Line for line, return the data exactly, omitting all pictures.

<<<<

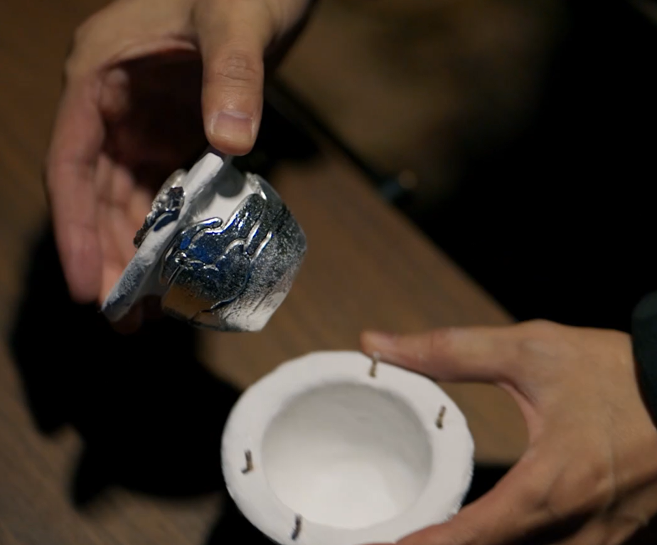 そろそろ、型も冷えてきたころ。この器ができたら、これで日本酒を飲もう。
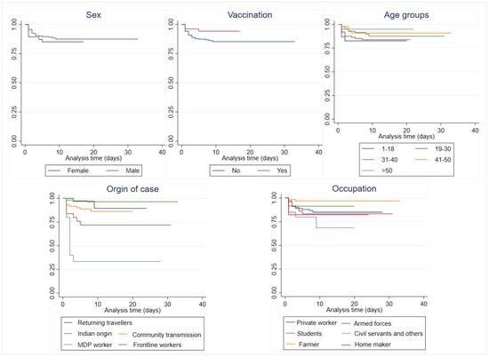 Survival analysis was carried out to estimate the cumulative probability of the onset time of symptoms for each risk factor. Kaplan–Meier curves were used to estimate the probabilities for the onset of symptoms at different time points, and a log rank test was employed to assess the differences between covariates [22]. Here, survival time corresponds to the total number of days elapsed between the date of isolation and the date of onset of symptoms (hazard). The Cox proportional regression model was used to estimate hazard ratios (HR) and the corresponding 95% confidence intervals for symptomatic cases for all possible risk factors (including age, sex, vaccination status, and occupational group).
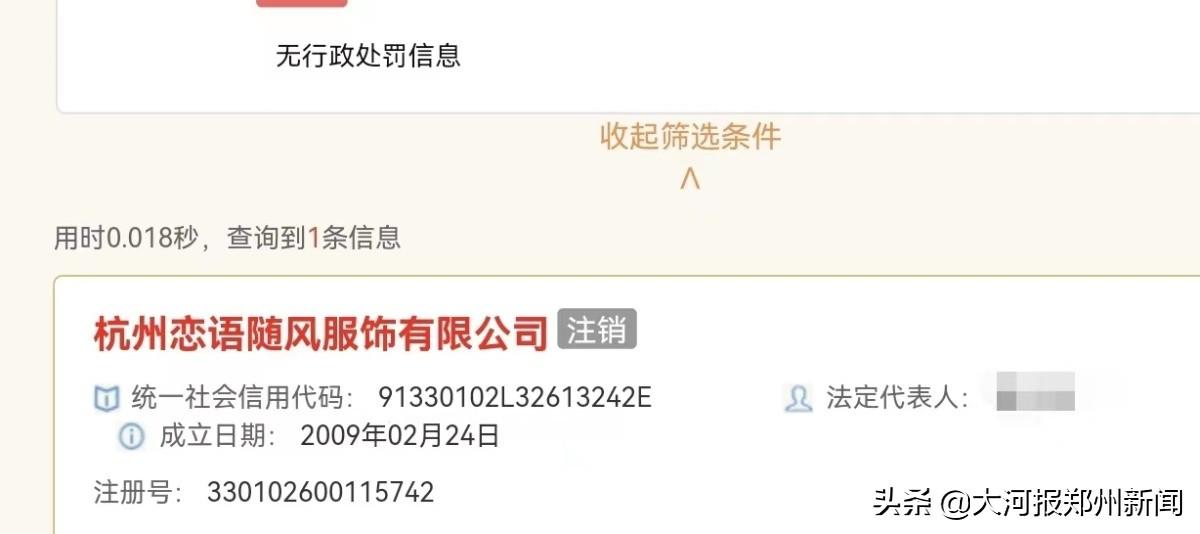 据此,记者查询到,杭州有一家“杭州恋语随风服饰有限公司”。
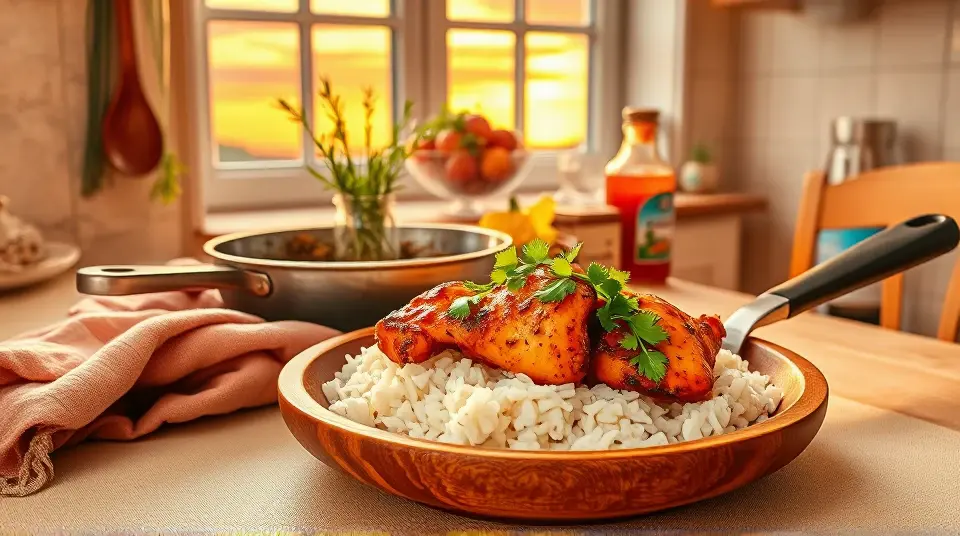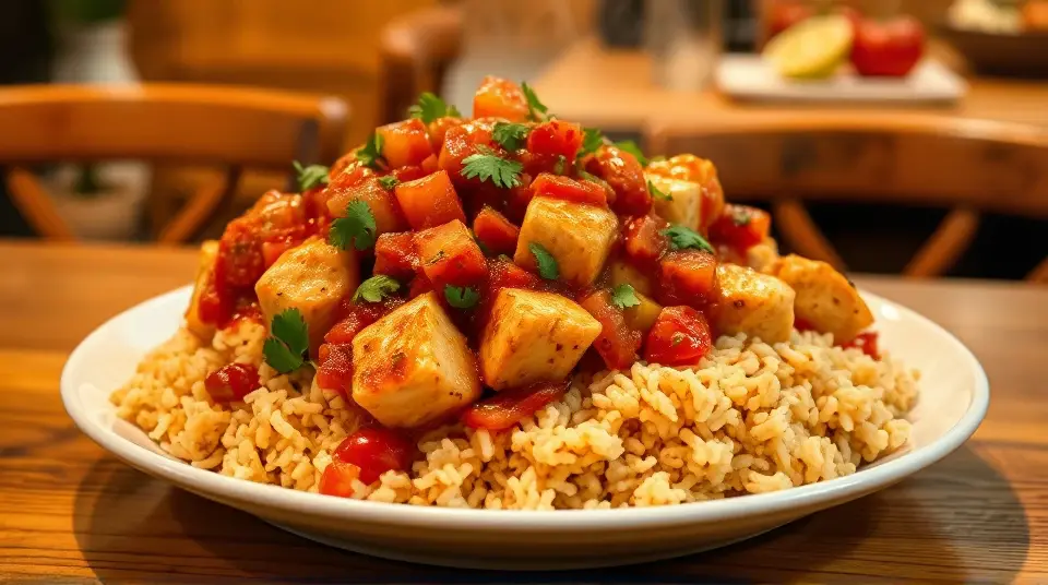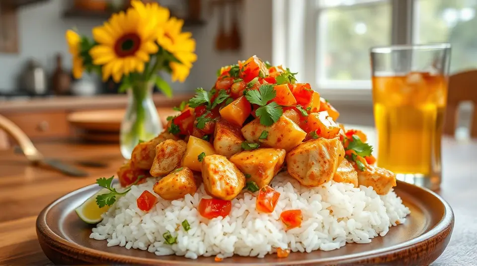 # Sweet and Spicy Chicken over Rice 🌶️🍚 This vibrant dish combines the heat of taco seasoning with the sweetness of peach preserves, making it a delightful meal perfect for busy weeknights or family gatherings. The juicy chicken and flavorful salsa come together beautifully over a bed of rice, creating a satisfying and delicious experience. Consider serving it with a side of steamed vegetables or a fresh salad for a well-rounded meal! 🥗✨ ## Ingredients ### For the chicken - 1 pound chicken breast, cut into 1-inch cubes - 3 teaspoons taco seasoning - 2 teaspoons oil (for frying) ### For the sauce - 11 ounces chunky salsa - 1/2 cup peach preserves ### For serving - Cooked rice ## Instructions 1. In a resealable bag, toss the chicken cubes with the taco seasoning until evenly coated. > 🥡 This method helps ensure that each piece of chicken is well seasoned. If you have time, marinate the chicken for 30 minutes to enhance the flavor even more! 2. Heat oil in a pan over medium-high heat. Add the chicken and brown until no longer pink, about 5-7 minutes. > 🔥 Make sure not to overcrowd the pan; you may need to do this in batches. Browning the chicken creates a nice sear, adding depth to the flavor. 3. In a separate bowl, combine the chunky salsa and peach preserves. Add this mixture to the pan once the chicken is cooked. 4. Reduce the heat to low, cover, and let it simmer for 2-5 minutes to meld the flavors. > 🍑 Feel free to adjust the sweetness by adding more or less peach preserves depending on your taste! 5. Serve the sweet and spicy chicken over the cooked rice. > 🍽️ For an extra kick, top with sliced jalapeños or a sprinkle of cilantro! ## Variations - **Spicy**: Add diced jalapeños or hot sauce to the salsa for more heat. 🌶️🔥 - **Sweet and savory**: Substitute peach preserves with mango or apricot jam for a different flavor profile. - **Vegetarian**: Replace chicken with hearty vegetables like zucchini and bell peppers or use plant-based protein for a lighter dish. - **Meal prep**: Make a larger batch and store leftovers in the fridge for easy lunches throughout the week! Enjoy your cooking adventure with this easy and flavorful recipe! 🎉Images
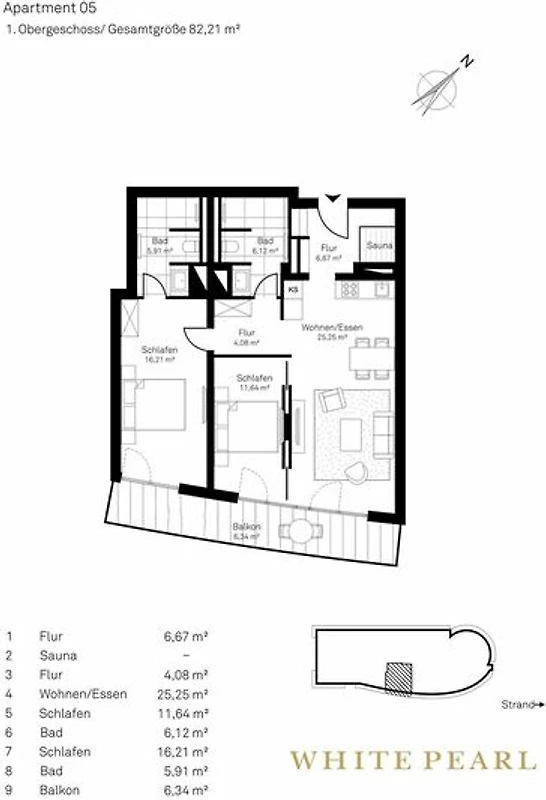 Die großzügige Luxussuite 1.05 befindet sich im 1. Obergeschoss des "White Pearl" und bietet Platz für 4 Personen auf 82 m² mit zwei Schlafzimmern.
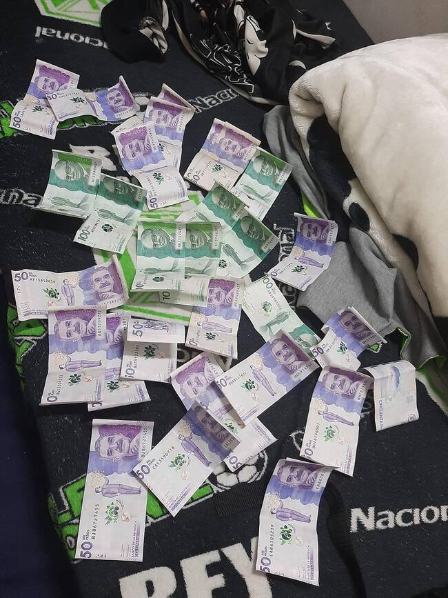 En las imágenes se observa fajos de billetes de 100 mil y 50 mil pesos, cajas de aguardientes, celulares y cigarrillos de marihuana.
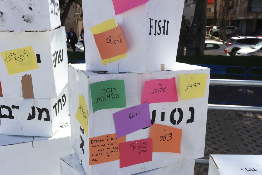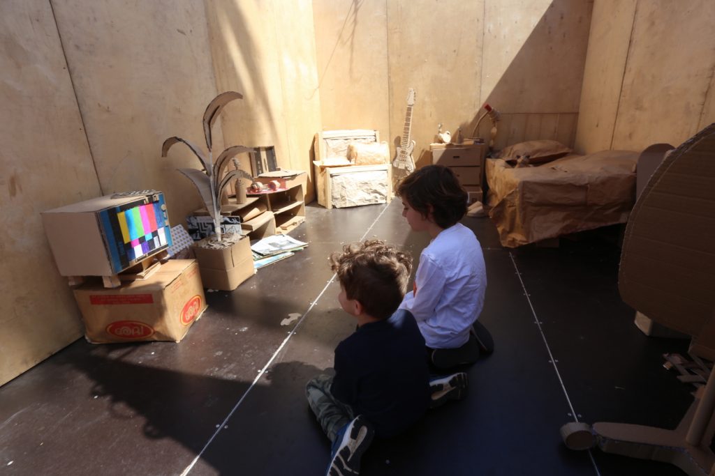 חדר בריחה מקרטון מבחוץ תלו ציורי עיניים גדולים "זה מתאר את הלחצים והציפיות שיש מאתנו בני הנוער" סיפר לי
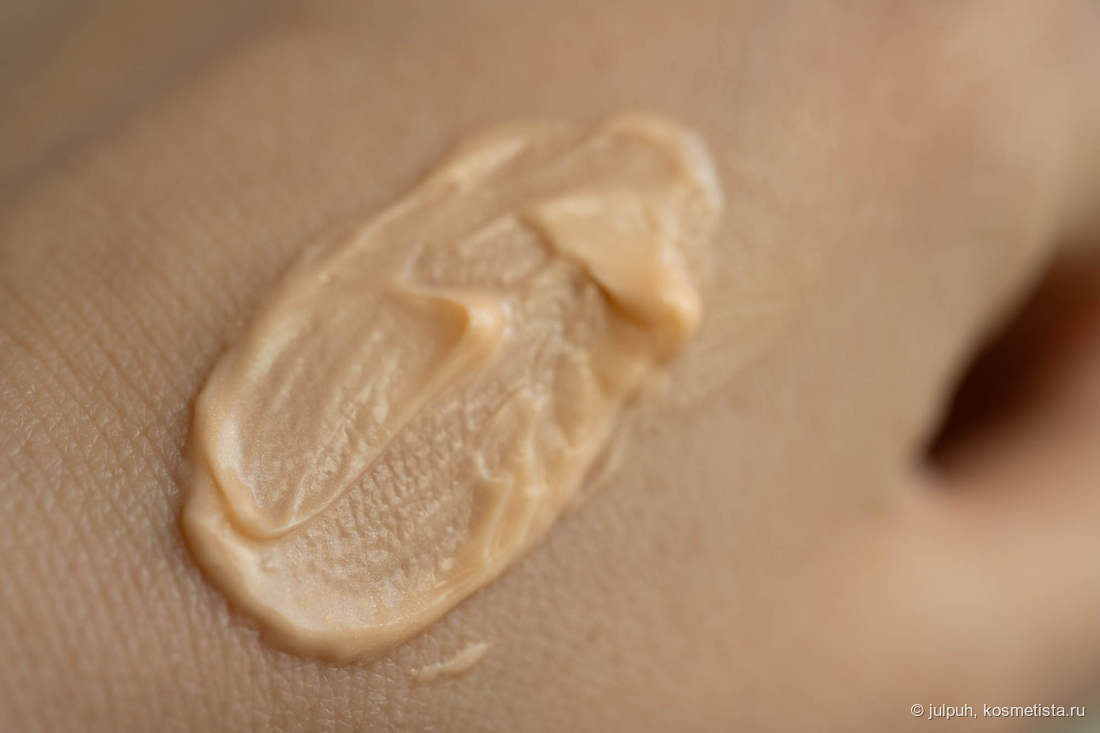 Текстура крема муссовая, пружинистая. Оттенок довольно заметный насыщенный оранжевый. В составе креме есть перламутровые частички, они очень заметны при нанесении.

>>>>

OUTPUT OF THE TASK:
 そろそろ、型も冷えてきたころ。この器ができたら、これで日本酒を飲もう。
 Survival analysis was carried out to estimate the cumulative probability of the onset time of symptoms for each risk factor. Kaplan–Meier curves were used to estimate the probabilities for the onset of symptoms at different time points, and a log rank test was employed to assess the differences between covariates [22]. Here, survival time corresponds to the total number of days elapsed between the date of isolation and the date of onset of symptoms (hazard). The Cox proportional regression model was used to estimate hazard ratios (HR) and the corresponding 95% confidence intervals for symptomatic cases for all possible risk factors (including age, sex, vaccination status, and occupational group).
 据此,记者查询到,杭州有一家“杭州恋语随风服饰有限公司”。
 # Sweet and Spicy Chicken over Rice 🌶️🍚 This vibrant dish combines the heat of taco seasoning with the sweetness of peach preserves, making it a delightful meal perfect for busy weeknights or family gatherings. The juicy chicken and flavorful salsa come together beautifully over a bed of rice, creating a satisfying and delicious experience. Consider serving it with a side of steamed vegetables or a fresh salad for a well-rounded meal! 🥗✨ ## Ingredients ### For the chicken - 1 pound chicken breast, cut into 1-inch cubes - 3 teaspoons taco seasoning - 2 teaspoons oil (for frying) ### For the sauce - 11 ounces chunky salsa - 1/2 cup peach preserves ### For serving - Cooked rice ## Instructions 1. In a resealable bag, toss the chicken cubes with the taco seasoning until evenly coated. > 🥡 This method helps ensure that each piece of chicken is well seasoned. If you have time, marinate the chicken for 30 minutes to enhance the flavor even more! 2. Heat oil in a pan over medium-high heat. Add the chicken and brown until no longer pink, about 5-7 minutes. > 🔥 Make sure not to overcrowd the pan; you may need to do this in batches. Browning the chicken creates a nice sear, adding depth to the flavor. 3. In a separate bowl, combine the chunky salsa and peach preserves. Add this mixture to the pan once the chicken is cooked. 4. Reduce the heat to low, cover, and let it simmer for 2-5 minutes to meld the flavors. > 🍑 Feel free to adjust the sweetness by adding more or less peach preserves depending on your taste! 5. Serve the sweet and spicy chicken over the cooked rice. > 🍽️ For an extra kick, top with sliced jalapeños or a sprinkle of cilantro! ## Variations - **Spicy**: Add diced jalapeños or hot sauce to the salsa for more heat. 🌶️🔥 - **Sweet and savory**: Substitute peach preserves with mango or apricot jam for a different flavor profile. - **Vegetarian**: Replace chicken with hearty vegetables like zucchini and bell peppers or use plant-based protein for a lighter dish. - **Meal prep**: Make a larger batch and store leftovers in the fridge for easy lunches throughout the week! Enjoy your cooking adventure with this easy and flavorful recipe! 🎉Images
 Die großzügige Luxussuite 1.05 befindet sich im 1. Obergeschoss des "White Pearl" und bietet Platz für 4 Personen auf 82 m² mit zwei Schlafzimmern.
 En las imágenes se observa fajos de billetes de 100 mil y 50 mil pesos, cajas de aguardientes, celulares y cigarrillos de marihuana.
 חדר בריחה מקרטון מבחוץ תלו ציורי עיניים גדולים "זה מתאר את הלחצים והציפיות שיש מאתנו בני הנוער" סיפר לי
 Текстура крема муссовая, пружинистая. Оттенок довольно заметный насыщенный оранжевый. В составе креме есть перламутровые частички, они очень заметны при нанесении.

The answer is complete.